To return to the question "Where is an author?"—we might say, with Henry James, that the artist's life is his work, yet this is not quite the same thing as saying that the artist's work is his life, for of course it can be only part of that life, and possibly, for some artists, even the gifted, not the most valued part of that life. We might argue that there must be an ontological distinction between the writer-as-creator-of-texts and the living person, the medium of the art. The work is thus the artist. The artist is a component of an aesthetic object, a product, printed or processed or in some way made into an artifice—"artificial." The individual is born of nature, but the artist is born of that individual, yearning to transcend the merely "natural" and to make complete that which, existentially, is forever incomplete, unrealized.
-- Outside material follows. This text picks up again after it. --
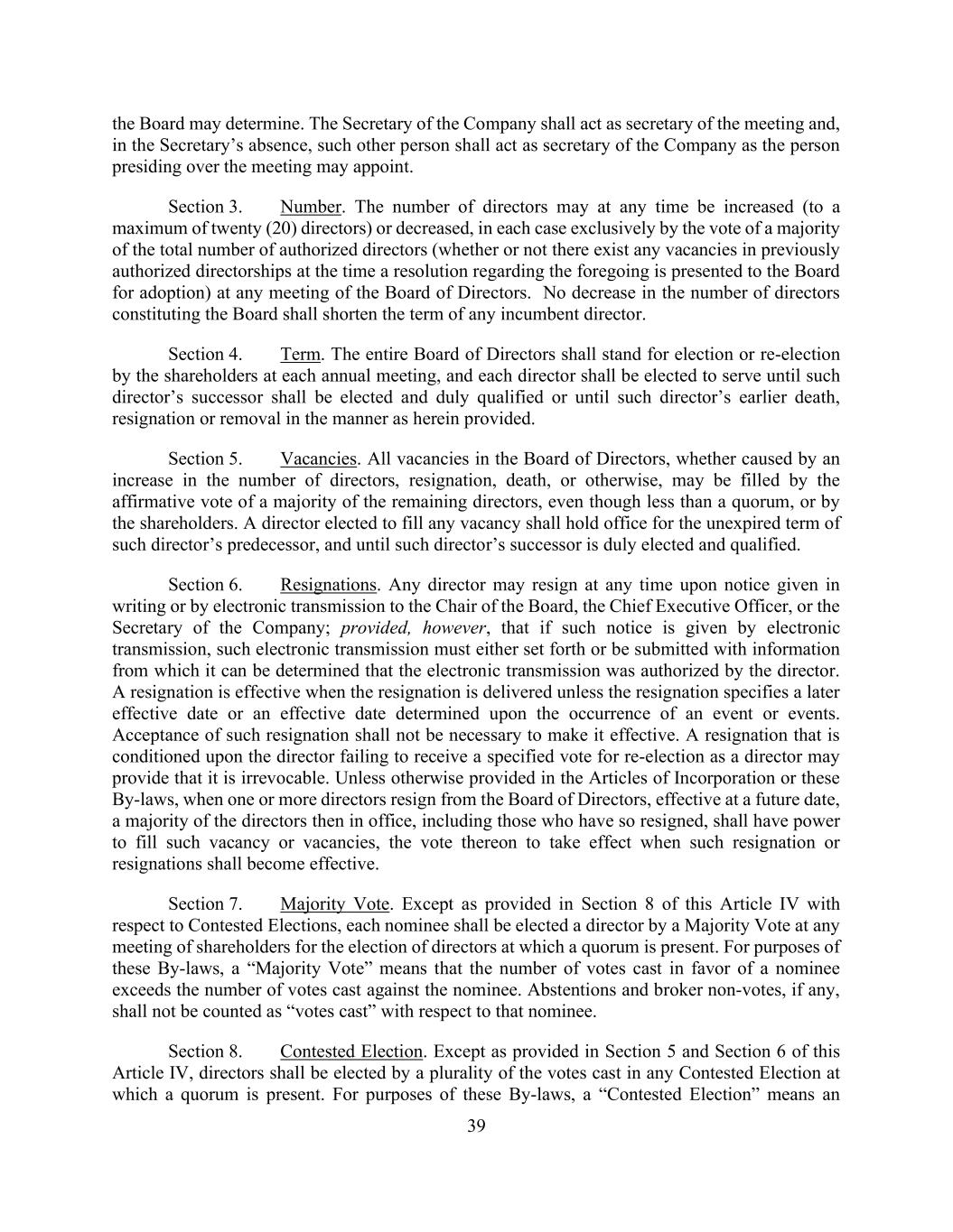 39 the Board may determine. The Secretary of the Company shall act as secretary of the meeting and, in the Secretary’s absence, such other person shall act as secretary of the Company as the person presiding over the meeting may appoint. Section 3. Number. The number of directors may at any time be increased (to a maximum of twenty (20) directors) or decreased, in each case exclusively by the vote of a majority of the total number of authorized directors (whether or not there exist any vacancies in previously authorized directorships at the time a resolution regarding the foregoing is presented to the Board for adoption) at any meeting of the Board of Directors. No decrease in the number of directors constituting the Board shall shorten the term of any incumbent director. Section 4. Term. The entire Board of Directors shall stand for election or re-election by the shareholders at each annual meeting, and each director shall be elected to serve until such director’s successor shall be elected and duly qualified or until such director’s earlier death, resignation or removal in the manner as herein provided. Section 5. Vacancies. All vacancies in the Board of Directors, whether caused by an increase in the number of directors, resignation, death, or otherwise, may be filled by the affirmative vote of a majority of the remaining directors, even though less than a quorum, or by the shareholders. A director elected to fill any vacancy shall hold office for the unexpired term of such director’s predecessor, and until such director’s successor is duly elected and qualified. Section 6. Resignations. Any director may resign at any time upon notice given in writing or by electronic transmission to the Chair of the Board, the Chief Executive Officer, or the Secretary of the Company; provided, however, that if such notice is given by electronic transmission, such electronic transmission must either set forth or be submitted with information from which it can be determined that the electronic transmission was authorized by the director. A resignation is effective when the resignation is delivered unless the resignation specifies a later effective date or an effective date determined upon the occurrence of an event or events. Acceptance of such resignation shall not be necessary to make it effective. A resignation that is conditioned upon the director failing to receive a specified vote for re-election as a director may provide that it is irrevocable. Unless otherwise provided in the Articles of Incorporation or these By-laws, when one or more directors resign from the Board of Directors, effective at a future date, a majority of the directors then in office, including those who have so resigned, shall have power to fill such vacancy or vacancies, the vote thereon to take effect when such resignation or resignations shall become effective. Section 7. Majority Vote. Except as provided in Section 8 of this Article IV with respect to Contested Elections, each nominee shall be elected a director by a Majority Vote at any meeting of shareholders for the election of directors at which a quorum is present. For purposes of these By-laws, a “Majority Vote” means that the number of votes cast in favor of a nominee exceeds the number of votes cast against the nominee. Abstentions and broker non-votes, if any, shall not be counted as “votes cast” with respect to that nominee. Section 8. Contested Election. Except as provided in Section 5 and Section 6 of this Article IV, directors shall be elected by a plurality of the votes cast in any Contested Election at which a quorum is present. For purposes of these By-laws, a “Contested Election” means an

We might argue that all books, fiction, poetry, nonfiction, have been created by pseudonymous selves in the process of that creation, and if the name on the dust jacket is identical with the historic name, that is not the same thing as saying that the name on the dust jacket is the historic individual.

Where is the author?—in the work, of course.

Which is not to say that the author of the author (i.e., the historic self) doesn't exist too; at least provisionally.

Notes

1. Wolfgang Amadeus Mozart is our paragon of genius. This letter suggests the genius as oddly passive, a vessel to be filled from the unconscious.

When I am, as it were, completely myself, entirely alone, and of good cheer … it is on such occasions that my ideas flow best and most abundantly. Whence and how they come, I know not; nor can I force them.…

When I proceed to write, the committing to paper is done quickly enough, for everything is … already finished.…But why my productions take from my hand that particular form and style that makes them Mozartish, and different from the works of other composers, is probably owing to the same cause which renders my nose so large or so aquiline, or, in short, makes it Mozart's, and different from those of other people. For I really do not study or aim at originality.

(trans. Edward Holmes)

Yet Mozart's most dazzling compositions are readily identified as of his musical era; for even a genius is a child of his time.